Transcribe the listing below verbatim, omitting pictures.

_Stored data_:
↓
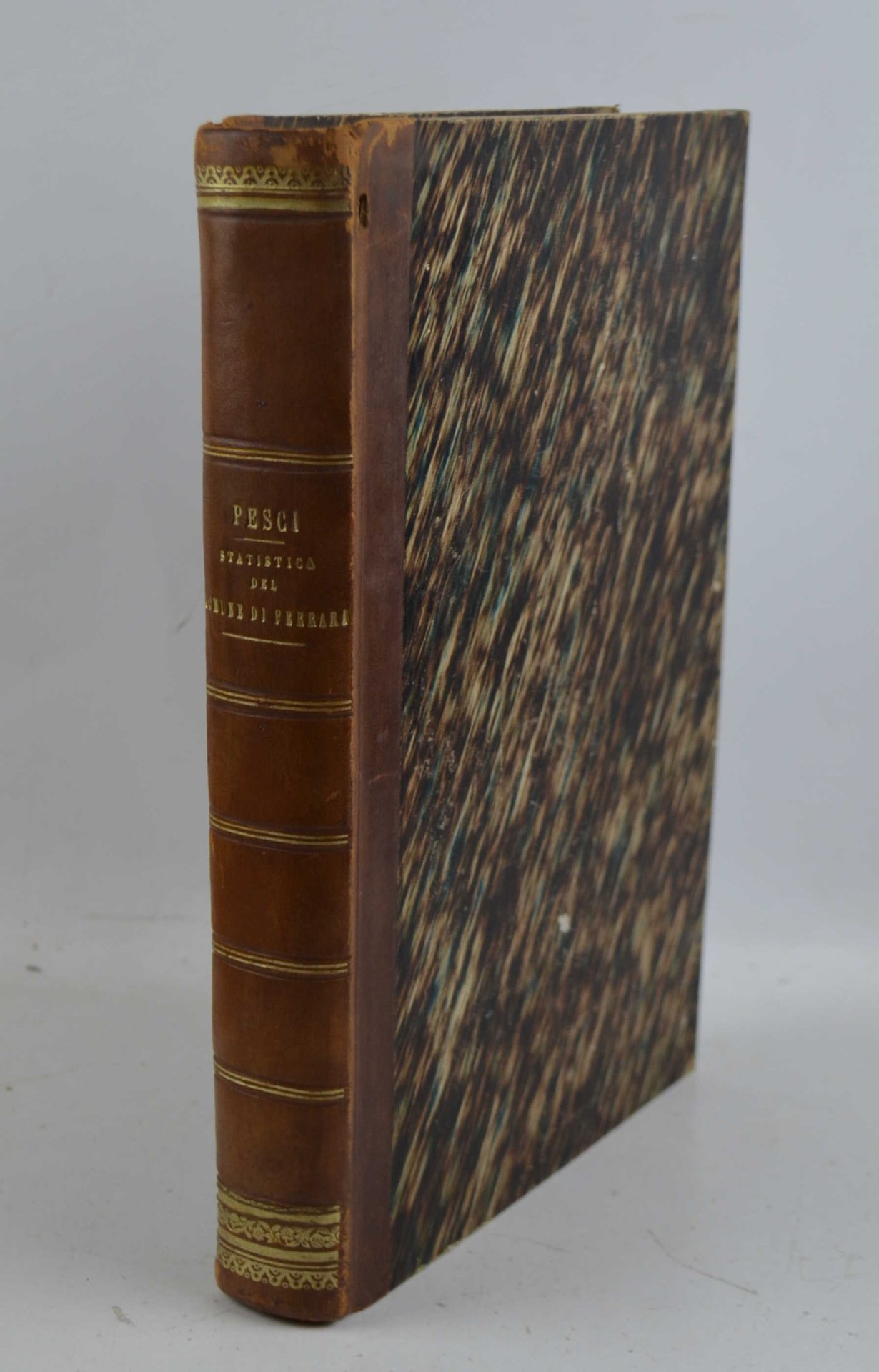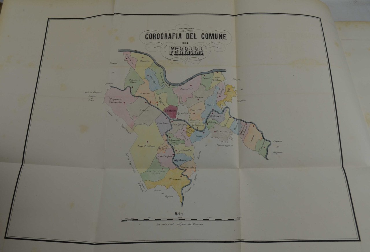 Cm. 30, pp. (4) 271 (1) + CLXXII. Con una carta corografica a colori del comune di Ferrara più volte ripieg. f.t. Solida ed elegante legatura coeva in mezza pelle, dorso liscio con titoli, fregi e filetti in oro. Esemplare genuino e ben conservato. Si tratta di una tiratura in carta grande e stampato su carta di qualità superiore alla tiratura comune che si differenzia inoltre per la coloritura della carta toporafica.
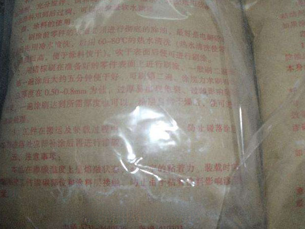 (2)將涂料攪拌均勻后涂覆于防滲部位(視零件情況可選擇刷涂、浸涂或噴涂方式)。一般涂覆單層(涂層厚度約0.3-0.4毫米,應不露零件底色)可滿足滲層深度至2.0毫米的防滲要求。若要求工件滲層深度>2.0mm,應待第一道涂層干后再涂第二層,即可獲得深層的防滲要求。涂覆用量:1.5-1.8㎡/㎏。
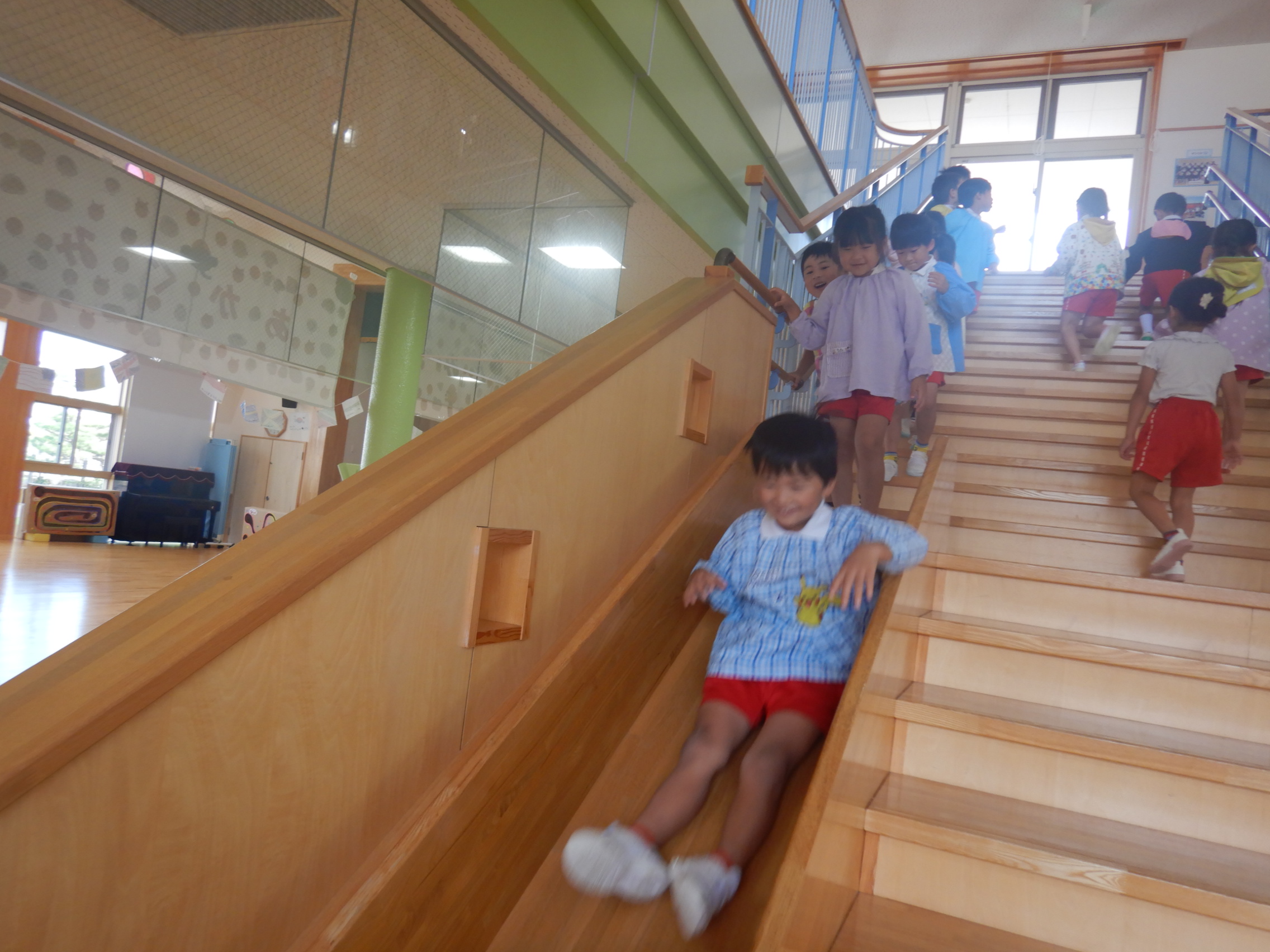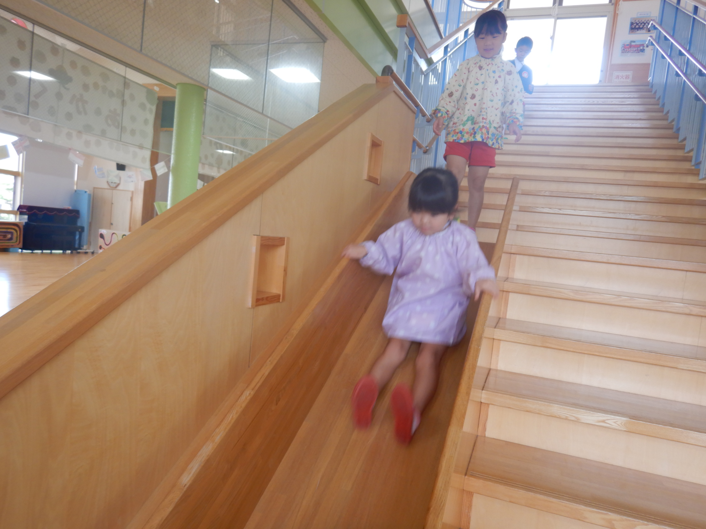 2階へ上がる階段には滑り台もあって順番に滑らせてもらいました😊
↑
_Answer for this exercise_:
 Cm. 30, pp. (4) 271 (1) + CLXXII. Con una carta corografica a colori del comune di Ferrara più volte ripieg. f.t. Solida ed elegante legatura coeva in mezza pelle, dorso liscio con titoli, fregi e filetti in oro. Esemplare genuino e ben conservato. Si tratta di una tiratura in carta grande e stampato su carta di qualità superiore alla tiratura comune che si differenzia inoltre per la coloritura della carta toporafica.
 (2)將涂料攪拌均勻后涂覆于防滲部位(視零件情況可選擇刷涂、浸涂或噴涂方式)。一般涂覆單層(涂層厚度約0.3-0.4毫米,應不露零件底色)可滿足滲層深度至2.0毫米的防滲要求。若要求工件滲層深度>2.0mm,應待第一道涂層干后再涂第二層,即可獲得深層的防滲要求。涂覆用量:1.5-1.8㎡/㎏。
 2階へ上がる階段には滑り台もあって順番に滑らせてもらいました😊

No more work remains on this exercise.